[Paper Review] Embracing data abundance: BookTest Dataset for Reading Comprehension
This paper introduces BookTest, a reading comprehension dataset 60x larger than the Children’s Book Test (CBT), enabling training of more robust models. By training an Attention-Sum Reader on BookTest, the authors achieve a 14.8% accuracy gain on CBT over prior model architecture improvements, with an ensemble exceeding Facebook's human baseline on the named-entity CBT subset, while a human study confirms remaining room for improvement.
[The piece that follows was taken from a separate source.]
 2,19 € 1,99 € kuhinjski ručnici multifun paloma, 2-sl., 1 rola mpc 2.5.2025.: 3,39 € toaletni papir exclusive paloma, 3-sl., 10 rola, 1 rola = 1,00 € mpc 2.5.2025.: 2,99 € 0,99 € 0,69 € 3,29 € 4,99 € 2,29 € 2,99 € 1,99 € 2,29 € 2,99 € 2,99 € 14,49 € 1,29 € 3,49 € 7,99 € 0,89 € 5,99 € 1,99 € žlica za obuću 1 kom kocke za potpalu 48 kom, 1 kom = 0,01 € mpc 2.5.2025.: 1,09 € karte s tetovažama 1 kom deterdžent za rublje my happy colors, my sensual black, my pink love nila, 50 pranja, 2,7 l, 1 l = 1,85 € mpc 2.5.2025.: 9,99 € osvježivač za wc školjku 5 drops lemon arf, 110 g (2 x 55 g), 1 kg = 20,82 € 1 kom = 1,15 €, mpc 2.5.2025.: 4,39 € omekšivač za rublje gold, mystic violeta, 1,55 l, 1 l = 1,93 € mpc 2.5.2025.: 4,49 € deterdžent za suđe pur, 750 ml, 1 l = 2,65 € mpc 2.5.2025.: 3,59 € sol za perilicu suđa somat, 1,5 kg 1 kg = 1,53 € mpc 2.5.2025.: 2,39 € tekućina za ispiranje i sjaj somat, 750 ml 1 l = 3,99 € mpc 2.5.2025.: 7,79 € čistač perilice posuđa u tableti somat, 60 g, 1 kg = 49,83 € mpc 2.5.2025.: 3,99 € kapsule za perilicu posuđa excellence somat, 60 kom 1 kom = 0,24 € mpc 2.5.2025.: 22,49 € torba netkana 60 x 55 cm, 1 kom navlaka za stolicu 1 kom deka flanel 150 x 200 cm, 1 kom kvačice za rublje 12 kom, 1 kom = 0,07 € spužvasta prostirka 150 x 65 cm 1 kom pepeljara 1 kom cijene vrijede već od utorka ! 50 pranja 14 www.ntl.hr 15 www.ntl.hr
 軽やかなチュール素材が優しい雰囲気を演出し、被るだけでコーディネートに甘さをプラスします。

There is a practically unlimited amount of natural language data available. Still, recent work in text comprehension has focused on datasets which are small relative to current computing possibilities. This article is making a case for the community to move to larger data and as a step in that direction it is proposing the BookTest, a new dataset similar to the popular Children's Book Test (CBT), however more than 60 times larger. We show that training on the new data improves the accuracy of our Attention-Sum Reader model on the original CBT test data by a much larger margin than many recent attempts to improve the model architecture. On one version of the dataset our ensemble even exceeds the human baseline provided by Facebook. We then show in our own human study that there is still space for further improvement.
Motivation & Objective
- To address the underutilization of large-scale data in text comprehension research, despite the availability of vast natural language corpora.
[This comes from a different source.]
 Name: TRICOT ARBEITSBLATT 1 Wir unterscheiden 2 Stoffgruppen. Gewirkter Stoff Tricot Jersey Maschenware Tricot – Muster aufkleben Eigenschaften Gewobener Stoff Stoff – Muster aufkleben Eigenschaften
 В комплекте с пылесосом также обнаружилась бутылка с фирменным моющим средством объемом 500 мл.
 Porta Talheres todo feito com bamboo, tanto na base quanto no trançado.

- To propose a new, significantly larger dataset—BookTest—that enables training on abundant data, mimicking real-world data abundance.
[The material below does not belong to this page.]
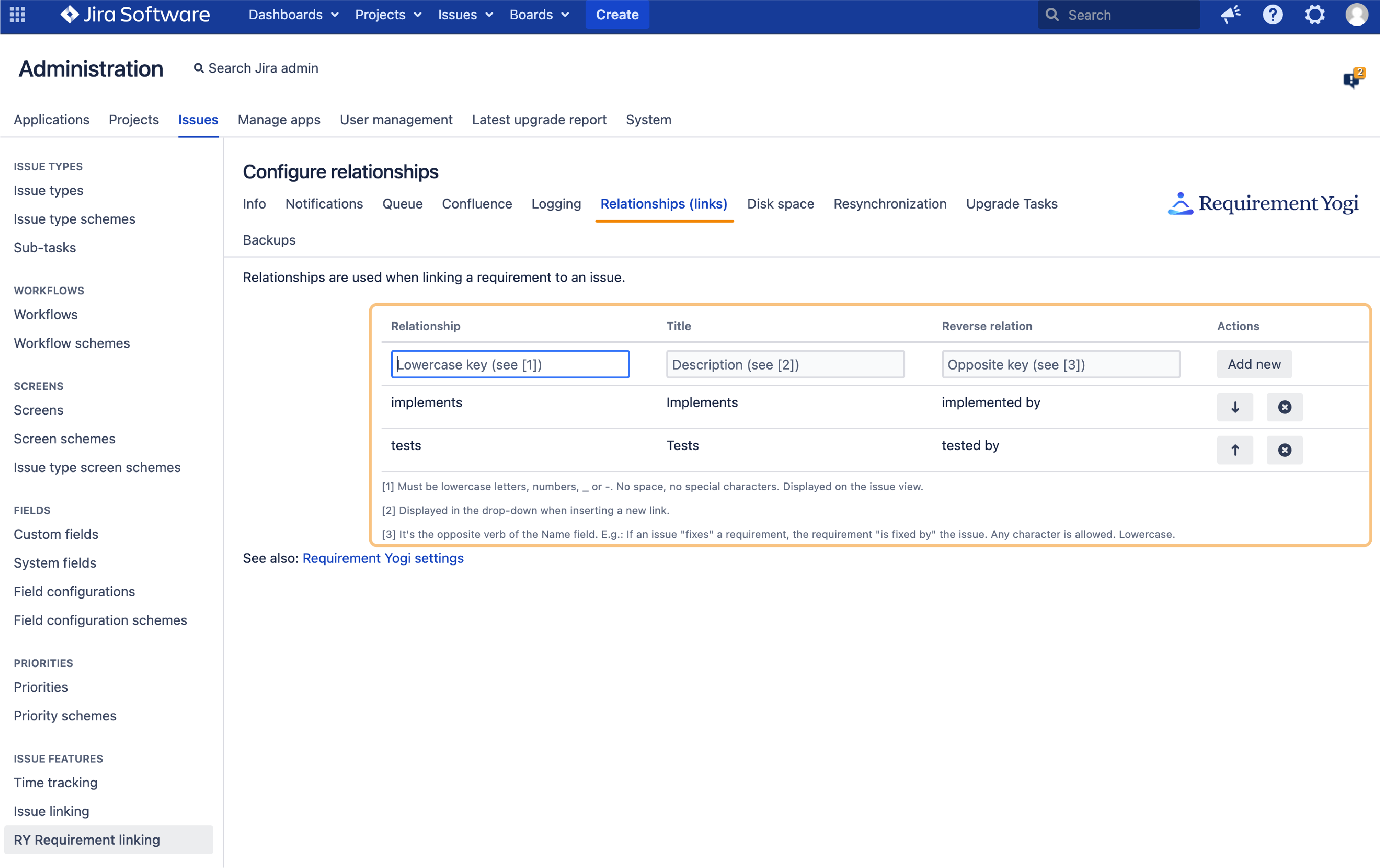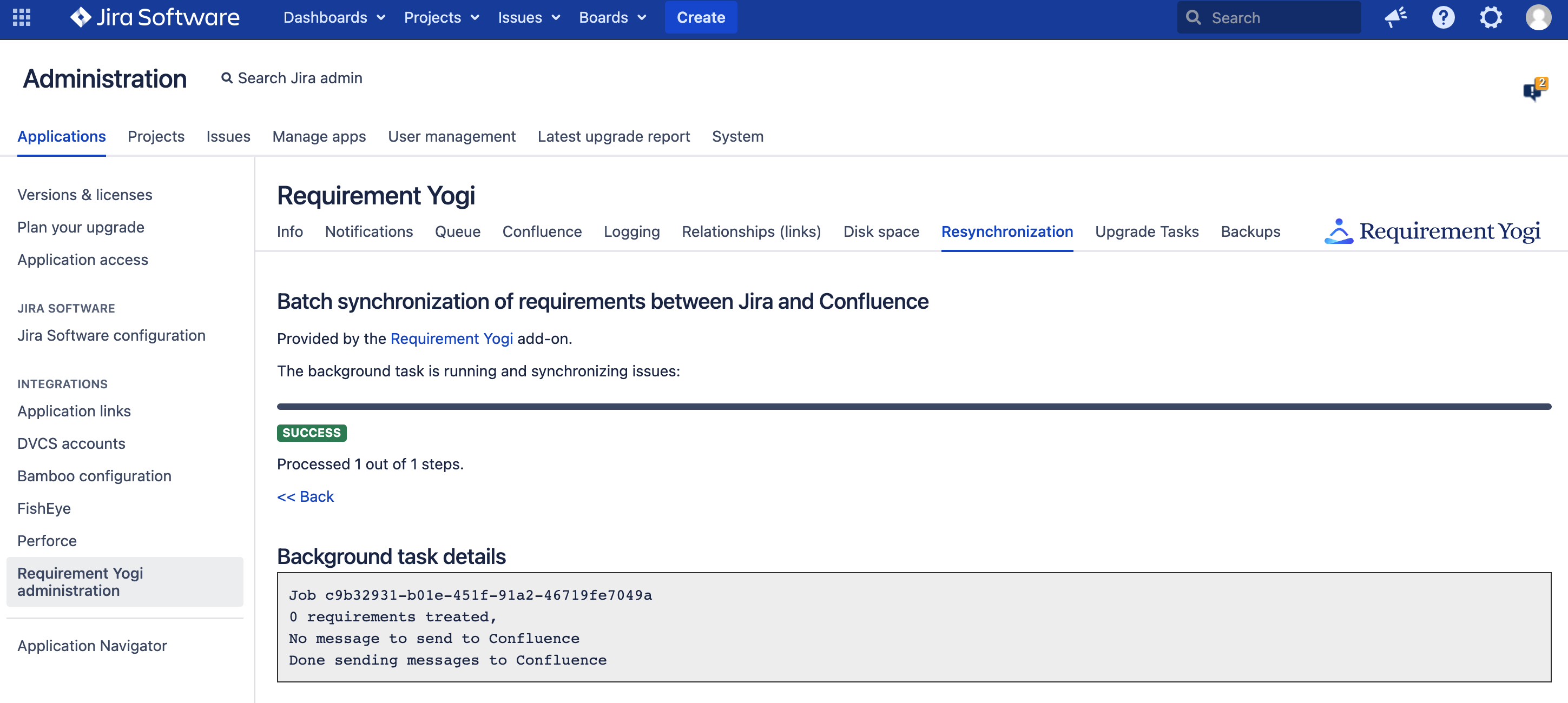 JIRA issues reflect the links at the time of creation. If you want to update links (for the title, or if the requirement moved or was deleted), please click "Synchronize" on the given issue. Alternatively, you can request JIRA to update all Requirement Yogi links, although it may be long depending on the number of issues you have and the quantity of requirements to update. To apply the global synchronization, go to JIRA Administration → Issues → RY Synchronization. | ![]() |

- To demonstrate that data scale alone can yield larger performance gains than architectural innovations on smaller datasets.
- To evaluate whether models trained on larger, related data can generalize effectively to standard benchmarks like CBT.
- To investigate the remaining gap between state-of-the-art models and human performance through a targeted human study.
Proposed method
- The BookTest dataset is constructed using a method similar to CBT, generating cloze-style questions from a large corpus of children's books.
- The dataset contains over 14 million examples, making it more than 60 times larger than the original CBT dataset.
- An Attention-Sum Reader model is trained on BookTest data and evaluated on the standard CBT test split.
- The model uses attention mechanisms to attend to relevant parts of the context document when predicting answers.
- An ensemble of models is created to improve generalization and robustness, particularly on challenging examples.
- A human study evaluates 100 previously misclassified CBT questions (50 named entities, 50 common nouns) to assess the remaining performance gap.
Experimental results
Research questions
- RQ1Can training on a dataset 60x larger than CBT lead to significantly larger performance gains than architectural improvements on the original CBT data?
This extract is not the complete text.